Series: Breaking to Build: TDD Process Iterations (first post)

TL;DR: I refined Phase 6 (pre-release testing) of the TDD Pipeline from step-driven to principle-driven. The goal was better output. I didn’t get it — the refined version was worse at drilling into individual bugs and building evidence chains. But comparing the two outputs revealed dimensional differences. The refined version was better at component gap checking and cross-bug pattern scanning. Those differences pointed to a judgment call: Phase 6 doesn’t need refining. It needs a layer on top of it. That layer later became Phase 7.

Background

I built a skill called TDD Pipeline. It came out of pain — real pain from debugging over a dozen bugs.
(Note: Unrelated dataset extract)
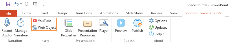 iSpring Converter Pro 9 Current: Enhancing Presentation Enhancing Presentation iSpring Converter Pro allows you to enhance your presentation with YouTube videos and web objects. In the Insert section, the following actions are available: ×

The skill defines every stage of development, from requirements to delivery, with an independent review gate at the end of each stage.

When I added Why Articulation to the TDD skill, I ran a set of A/B experiments [2]. One finding surprised me: giving the AI positive examples actually reduced output quality. The model took a shortcut — it mimicked the examples instead of reasoning independently. A better approach was to give it principles. Tell it what to protect, where the risks are, and why the method works. Let it figure out the how on its own.

That finding only applied to one stage of the Pipeline. But it raised a bigger question. If “principles, not steps” works at the prompt level, does it work at the level of an entire rules file?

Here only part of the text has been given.